I thought ‘Hang on a minute I’m getting conned here.’ I’d been led to believe that priests were chosen by God, that it was their vocation, and here’s Father Desmond. He’s jacked it all in and he’s strolling around town in a sharp suit with a piece of squeeze on his arm. What the hell’s going on? Up until then I’d fallen for this religious thing, hook line and sinker, but now I was beginning to have some serious doubts.
They were strange times, we were told to say our prayers every night and pray for a happy death, so there I was, a ten year old kid kneeling beside the bed every night, praying for a happy death. What is a happy death anyway? A non- swimming Scotsman falling into a vat of Glenfiddich. A successful Jewish businessman on his deathbed surrounded by all his family, his final words being. Who’s minding the store?
Later on there was confession, remember this was the 1950s in industrial Northern England. We were all scared of the priests, the teachers and the police. What was there to confess?
I couldn’t think of any sins apart from nicking the occasional gobstopper from the local tuck shop and that was more mischief than actual villainy, hardly falls into the category of mooning the magistrate? I certainly wasn’t going to mention anything about the old meat and two veg to those old fogies, it’s my donkey’s hammer and I’ll wash it as fast as I like.

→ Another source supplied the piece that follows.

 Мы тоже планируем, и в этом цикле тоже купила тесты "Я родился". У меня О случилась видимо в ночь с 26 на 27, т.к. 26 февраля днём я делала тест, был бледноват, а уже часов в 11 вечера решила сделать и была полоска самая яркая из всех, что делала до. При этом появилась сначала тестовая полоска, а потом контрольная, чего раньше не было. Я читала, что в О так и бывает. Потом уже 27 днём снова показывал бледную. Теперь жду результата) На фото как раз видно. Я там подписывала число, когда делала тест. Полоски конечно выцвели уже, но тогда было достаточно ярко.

In the end I made up sins in order to have something to confess to. I’d say things like I’d kicked our dog for barking all night. I wonder if it’s a sin to make up a sin. Anyway we didn’t ever have a dog we had tiger the kitten factory. Where did they all come from? I never worked it out, but I do remember having to say three ‘Hail Mary’s’ for booting the invisible dog.

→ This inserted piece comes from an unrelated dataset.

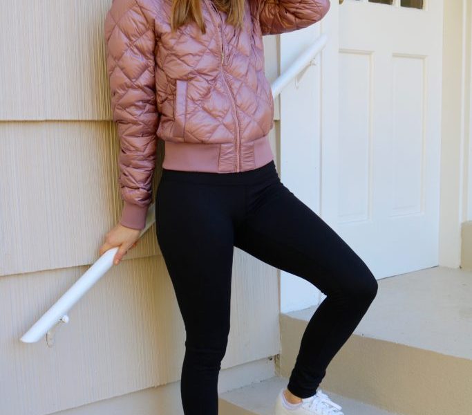 In this look, I started with a basic pair of black leggings. They are easy and can be found in everyone’s closet. Then, for the wow factor of the outfit, I chose a soft purple, quilted bomber jacket that is too gorgeous for words! A bomber jacket is a perfect piece to add to your wardrobe because with all the different styles, colors, and embellishments available, it’s easy to find one that perfectly describes you. I’m a girly-girl at heart, so light purple was an easy choice. In addition, bomber jackets are fitted, warm, and best of all, comfortable. So you can walk into class after throwing on this jacket over a tank top and you’ll still look chic and put-together.

I’d sometimes find Tiger on the company of couple of stray cats, who seemed to be biting the back of her neck. I thought they were attacking her, so I’d chase them away with tiny pebbles, and to my surprise she’d going running off after them, Come back you stupid cat, I’m trying to save you
. As a 10-year-old kid what I didn’t know was she must have been in-season, and giving the tomcats the feline equivalent of ‘Hello sailor.’
The only thing we ever got into trouble for was playing football in the street. The spritely old spinster of the parish used to chase us away with a long handled sweeping bush. Maybe she did have a point; we did use the gable-end of her house as the goals. We contemplated dropping a firework through her letterbox but like the mice debating who was going to put the bell around the cat’s neck, we were all chicken-shit.

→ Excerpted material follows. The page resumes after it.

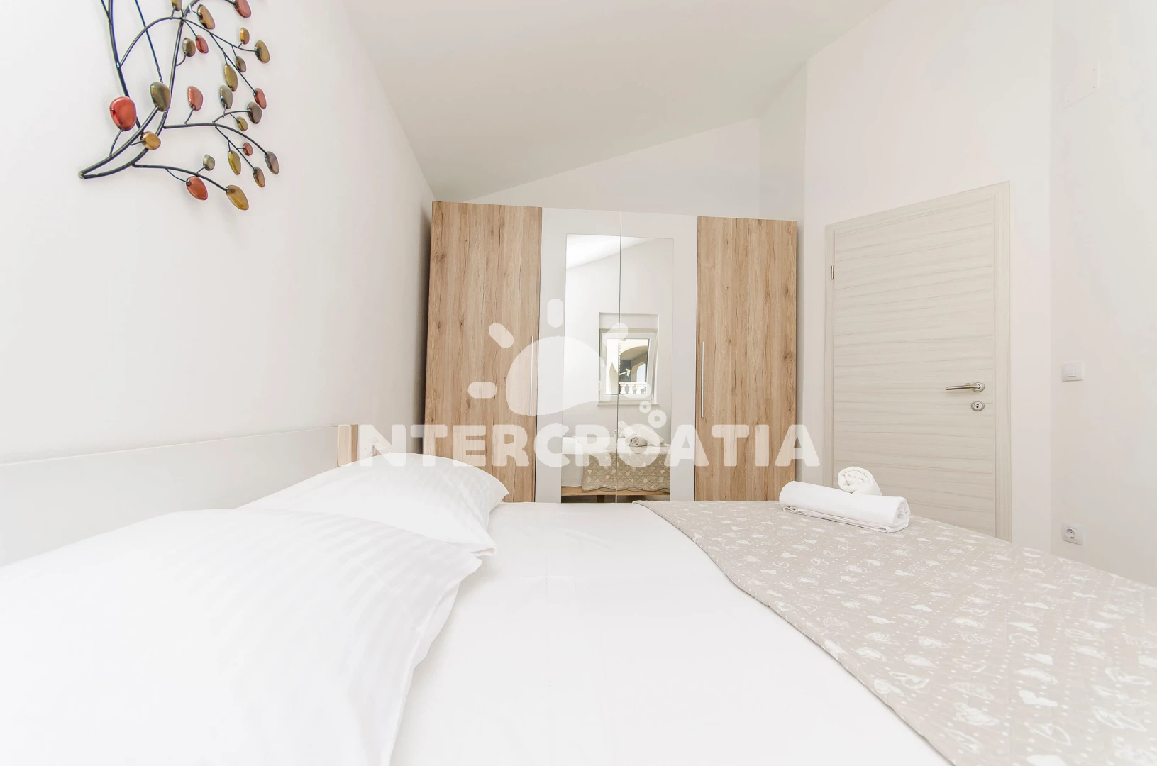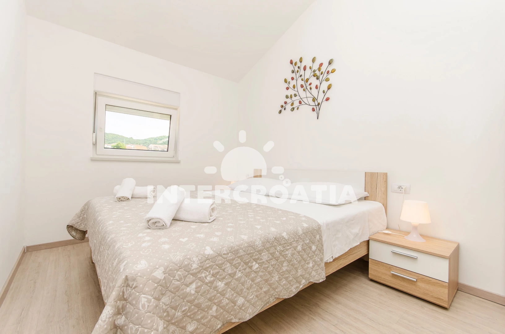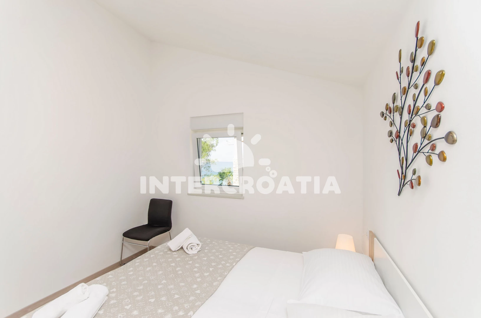 Apartmán (47 m2) s terasou, a výhledem na moře. Nachází se ve 2. patře objektu. Apartmán má 2 ložnice a je vhodný pro až 4 osoby. Kuchyňská linka je vybavena varnou deskou, troubou, rychlovarnou konvicí, nádobím, lednicí. K dispozici televize, žehlička. První ložnice s dvoulůžkem. Druhá ložnice s dvoulůžkem. Koupelna se sprchovým koutem, umyvadlem, fénem a WC.

There were a few bright moments, like as all kids I loved Christmas even midnight mass was okay. The smell of incense and beer, the ambiance the Carols, better still if it was snowing, felt like a character in a Dickens novel.
When I reached 12 it was time to be confirmed, the Catholic Bar Mitzvah without the scalpel.
Choose a confirmation name
What about Gene Vincent
Absolutely not, it has to be a saint’s name
How about Saint Vitus
Don’t be ridiculous
Mum never laughed at my jokes, I thought I was witty, she thought sarcastic.
You know, it’s easy to get those two bad boys mixed up. We were to be confirmed by the Bishop of Leeds.
Don’t forget to kiss his ring.
Yeh, I’ll wait till he’s tying his shoelaces.
We were all forced to serve mass. I was probably the worst altar boy in history, standing there in a little frilly white baby doll, looking a right pillock.
Back then the mass was all in Latin I hadn’t got a clue. I kept ringing the little bell at all the wrong times. The congregations were all over the place, kneeling, standing, sitting, up and down like a 'Jack in the Box'! If the priests black looks could have killed, I’d have been dead meat. We all tried to get a shot at the communion wine, but as far as I know that bet was never won.
On another occasion I had to read a passage from one of the gospels to the congregation in the school chapel. The book was almost as heavy as me, on the way up to the altar, I stumbled and the book slammed shut. It took what seemed like five minutes to find the page. I eventually stammered through it, face on red as a beetroot, another bollocking.
After I left school I never went to church again, except for the obligatory, four funerals and a wedding.